**SUPPLIED INFORMATION**

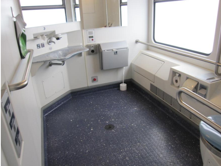
Fig. 16 – Håndlister i hele rummets længde og gode adgangsforhold ved vask

Jeg noterede mig endvidere håndlisterne på væggen til glæde og sikkerhed for gangbesværede, og at håndvasken (og afløbet) er placeret så håndvasken er relativt nem for de fleste kørestolsbrugere at komme ind under.
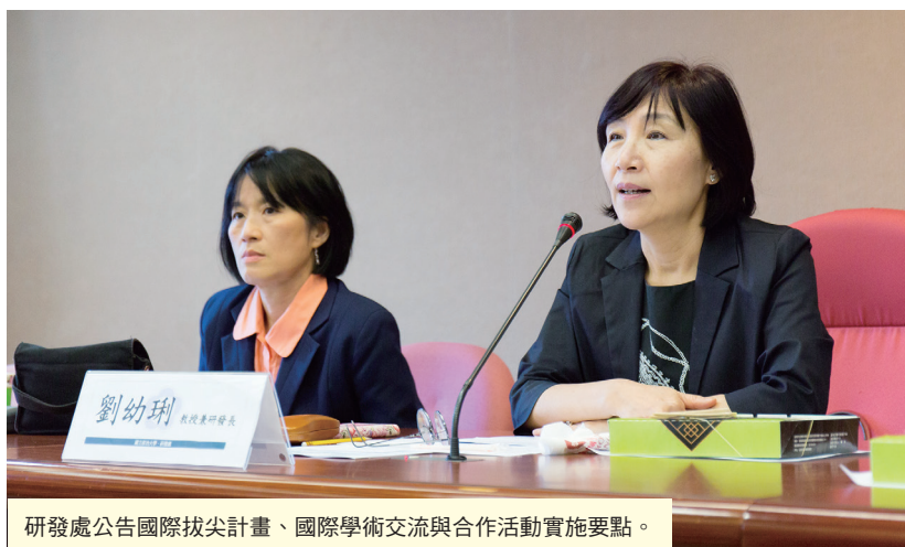
研發處公告國際拔尖計畫、國際學術交流與合作活動實施要點。

此外，為更普及與深化教研人員之國際合作，本校亦規劃以捐贈款補助教研人員赴國外至少一個月以上，與國際頂尖大學學者進行深度實質性的學術合作，以精益求精，協助本校拓展國際合作機會，深化國際網絡，特研訂「國際學術交流與合作活動實施要點(草案)」，每案補助至多30萬元，預計4月30日截止申請。
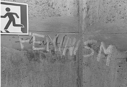
Abb. 10: UHG, Treppenturm D, Ebene 2.

Treppentürmen auf den zwei bis drei Ebenen ober- und unterhalb der Haupthalle sowie im jeweils obersten Stockwerk direkt unter dem Dach verortet sind. Hinzu kamen die an die Halle angrenzenden Flure und Treppenaufgänge und nicht zuletzt die Haupthalle selbst, die teilweise eine beträchtliche Dichte nicht nur an Graffiti, sondern gerade auch an Stickern aufweist. Angesichts der engen Zeitplanung ließ ich bald die sich als wenig ertragreich herausstellenden Bürokorridore in den oberen Etagen aus.
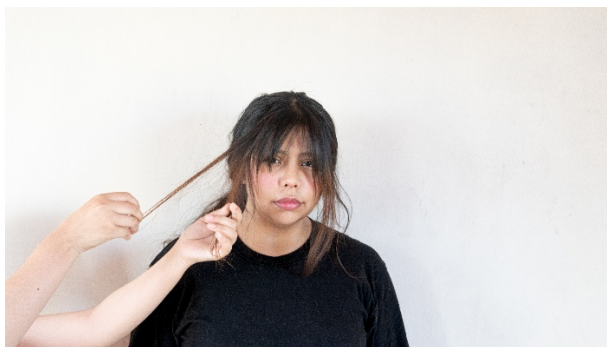
Figura 2. Straight Photography .

Sin embargo, a partir de la década de 1970, este enfoque comenzó a ser cuestionado por el posmodernismo. Artistas como Cindy Sherman plantearon que ninguna imagen es completamente objetiva, y que toda fotografía implica una construcción de la realidad. Desde esta perspectiva, la idea de una imagen totalmente neutral comenzó a perder fuerza frente a una visión más compleja y crítica.
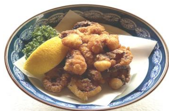
蛸のから揚げ・・・750円

**PROBLEM TO WORK ON**
Could you copy out every line in the listing where the word "國際學術交流與合作活動實施要點" appears?

**RESPONSE BELOW**
研發處公告國際拔尖計畫、國際學術交流與合作活動實施要點。
此外，為更普及與深化教研人員之國際合作，本校亦規劃以捐贈款補助教研人員赴國外至少一個月以上，與國際頂尖大學學者進行深度實質性的學術合作，以精益求精，協助本校拓展國際合作機會，深化國際網絡，特研訂「國際學術交流與合作活動實施要點(草案)」，每案補助至多30萬元，預計4月30日截止申請。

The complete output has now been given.